Upon returning to the country, Michie, Jorge and Ernesto started their families and have not stopped working without resting to this day. Not only their children and grandchildren should be proud of what they have left us and what they have contributed to the country where they were born.

© 2020 Sergio Hernández Galindo

bombings bombs generations Hiroshima (city) Hiroshima Prefecture Japan Japanese Mexicans Mexico Nisei Tokyo (metropolis) Tokyo Prefecture World War II
About the Author

Sergio Hernández Galindo is a graduate of Colegio de México, where he majored in Japanese studies. He has published numerous articles and books about Japanese emigration to Mexico and elsewhere in Latin America.

His most recent book, Los que vinieron de Nagano. Una migración japonesa a México (Those who came from Nagano: A Japanese migration to Mexico, 2015) tells the stories of emigrants from that prefecture before and after the war. In his well-known book, La guerra contra los japoneses en México. Kiso Tsuru y Masao Imuro, migrantes vigilados (The war against Japanese people in Mexico: Kiso Tsuro and Masao Imuro, migrants under surveillance), he explained the consequences of conflict between the United States and Japan for the Japanese community decades before the attack on Pearl Harbor in 1941.

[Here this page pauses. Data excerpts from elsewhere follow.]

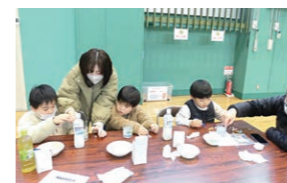
2月 キャンドル作り
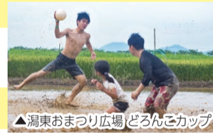
▲潟東おまつり広場 どんこカップ
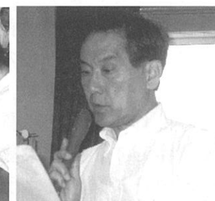
庄司実行委員会幹事
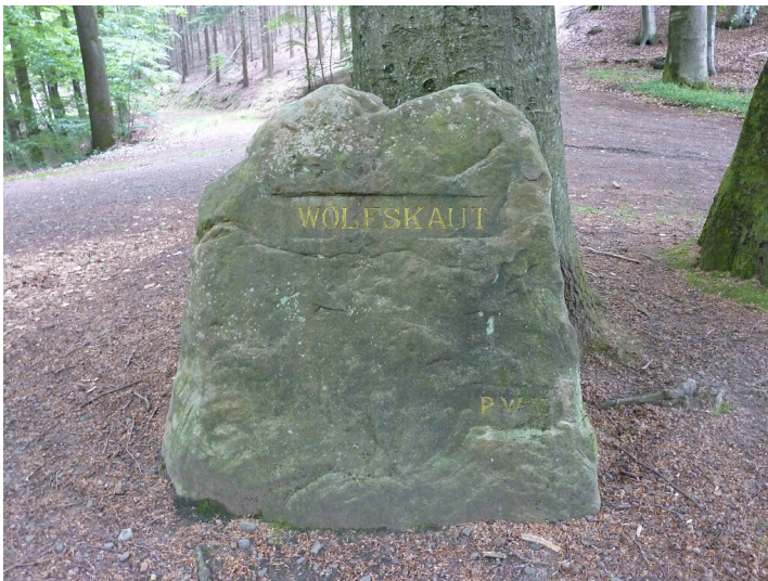
Ritterstein Nr. 147 "Wolfskaut" bei Kaiserslautern (2014)
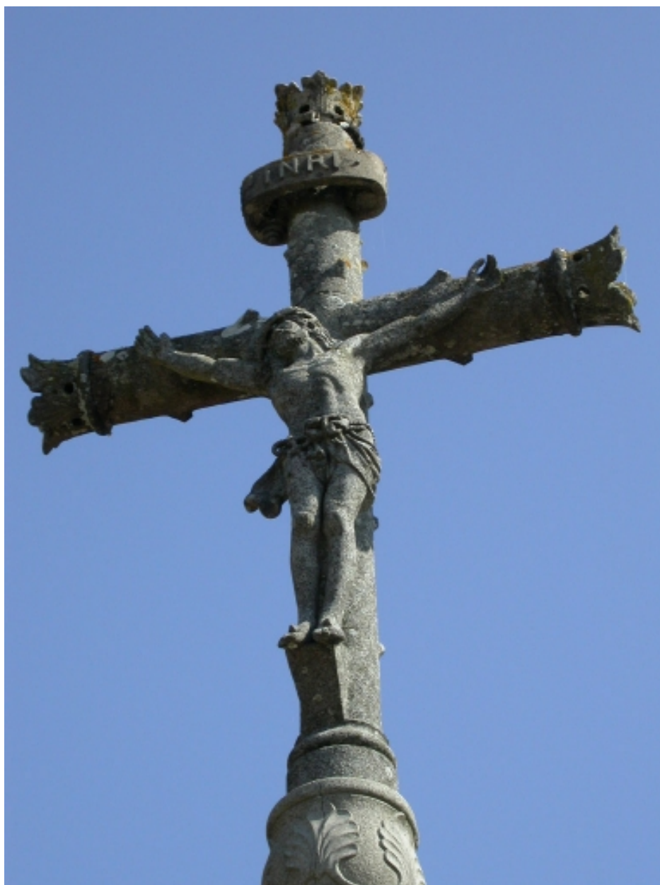
Détail du Christ
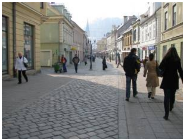
Slika 19 - Mesto Celje

Prebivalstvo mestnega jedra je starejše, zato številni Celjani menijo, da bi bilo potrebno v mesto priseliti mlajše družine, saj le-te živijo na obrobju mesta in ne zahajajo pogosto v samo mestno jedro.
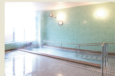
一般浴のほか、家庭のお風呂のような個浴、寝たきりの方も入浴可能な特殊浴槽があり、お身体の状態に合わせた入浴が可能です。
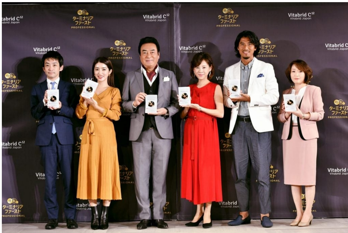
※写真は2019年10月製品発表会の様子

多くの方にお選びいただき、発売から約4年2ヶ月で累計販売数750万袋(※1)を突破。「美味しい」も「健康」も妥協しない芸能人やアスリートなどの著名人の方々にも活用され、雑誌などのメディアにも多数取り上げていただいております。
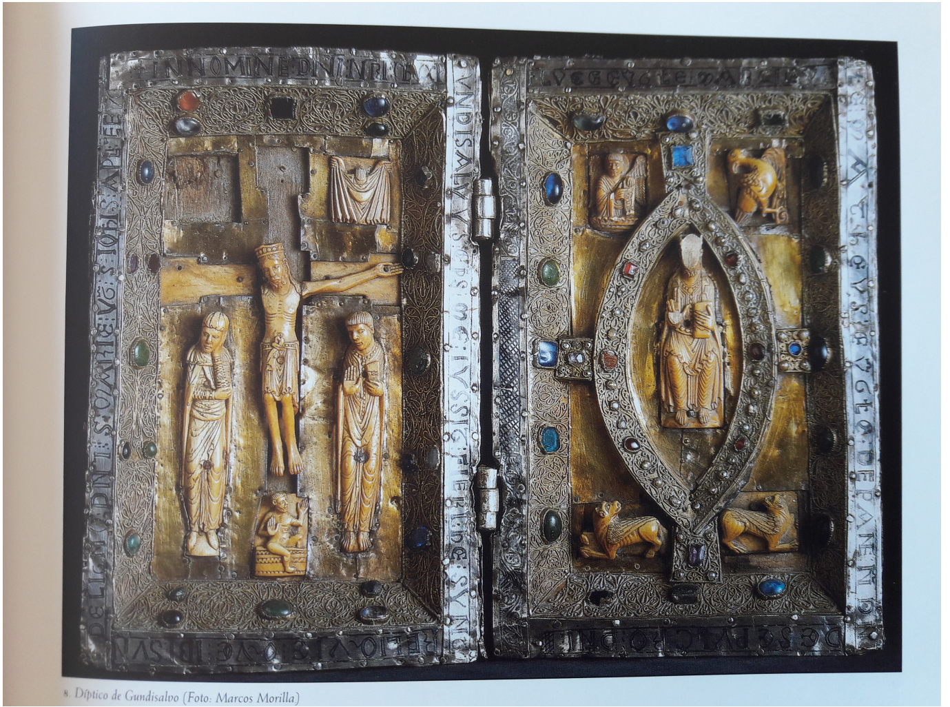
8. Diptico de Gundisalvo
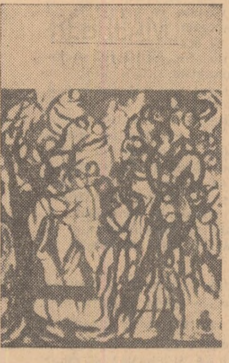
Romanul „Răscoala” de Liviu Rebreanu, apărut de curând în editura italiană „Carabba”.
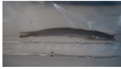
Figure 2 Anesthesia of Hybrid catfish receiving clove callus extract (5 ppm) to stimulate in sedation

ผลการทดสอบฤทธิ์ของสารสกัดแคลลัสจากผลต่อการสงบนิ่งปลาดุกอุยเทศที่ความเข้มข้นระดับต่าง ๆ เปรียบเทียบกับกลุ่มควบคุมใช้เอทานอล 50 เปอร์เซ็นต์ ผลการทดสอบ พบว่าสารสกัดแคลลัสจากผลที่ระดับความเข้มข้น 1, 2, 3, 4 และ 5 ppm และสาร MS-222 ความเข้มข้น 10 ppm มีฤทธิ์ต่อการสงบนิ่งของปลาดุกอุยเทศขนาด 10-15 เซนติเมตร น้ำหนัก 10-15 กรัม อายุประมาณ 3 เดือน (Figure 2 และ Table 3) โดยปลาเข้าสู่ระดับอาการเคลื่อนไหวช้าใช้เวลา 7.13, 5.35, 2.74, 1.87, 0.99 และ 5.02 นาที ตามลำดับ เข้าสู่ระดับอาการสงบนิ่งใช้เวลา 7.61, 6.21, 3.74, 2.72, 1.28 และ 18.94 นาที ตามลำดับ และเข้าสู่ระดับอาการสงบนิ่งได้นาน 51.70, 53.14, 55.51, 56.50, 57.68 และ 39.00 นาที ตามลำดับ
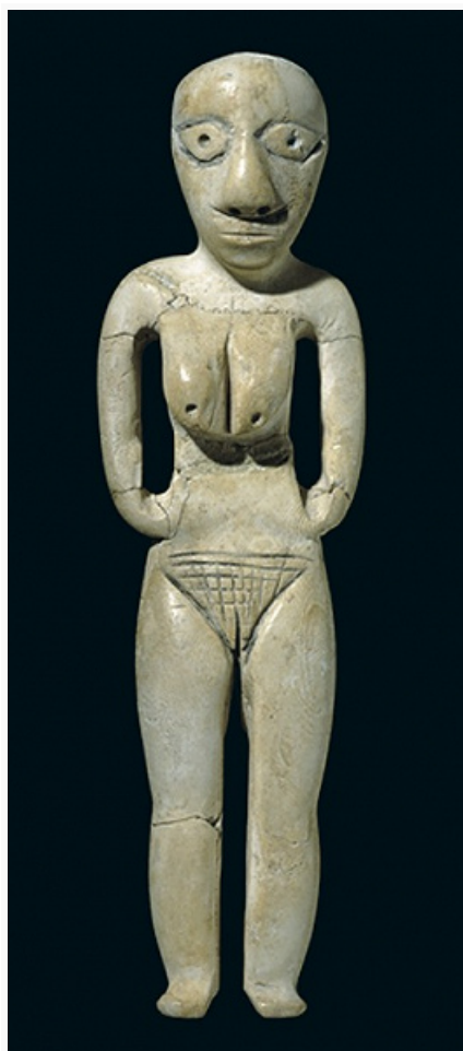
Неолит Верхнего Египта. Женская статуэтка из клыка гиппопотама. Бадарийская культура. Британский музей (Лондон).

территории Египта Древнего во многом неясны. Древнейшие памятники с начатками земледелия и скотоводства относятся здесь ко 2-й пол. 6-го тыс. до н. э. В Нижнем Египте поселения Н. разных традиций исследованы в Меримде-Бени-Саламе , Эль-Омари ; в 4-м тыс. до н. э. тут развиваются уже энеолитич. культуры ( Маади и др.). Особая культура Файюм сложилась в Файюмском оазисе. Для Верхнего Египта выделяют тасийскую культуру, которая была предшественником или локальным вариантом бадарийской культуры (есть гипотеза о её связи с традициями восточносahарских центров). По-видимому, на этой основе развивался ряд культур Нагада (I – амратская культура, относящаяся к Н., хотя известны изделия из меди; II – герзейская культура энеолита, распространившаяся и на Нижний Египет; III – протодинастич. период). Есть точка зрения, что с бадарийскими традициями связана неолитич. хартумская культура в районе слияния Белого Нила и Голубого Нила.

He has taught classes and led conferences on this topic at universities in Italy, Chile, Peru, and Argentina as well as Japan, where he was part of the group of foreign specialists in the Kanagawa Prefecture and a fellow of the Japan Foundation, affiliated with Yokohama National University. He is currently a professor and researcher with the Historical Studies Unit of Mexico’s National Institute of Anthropology and History.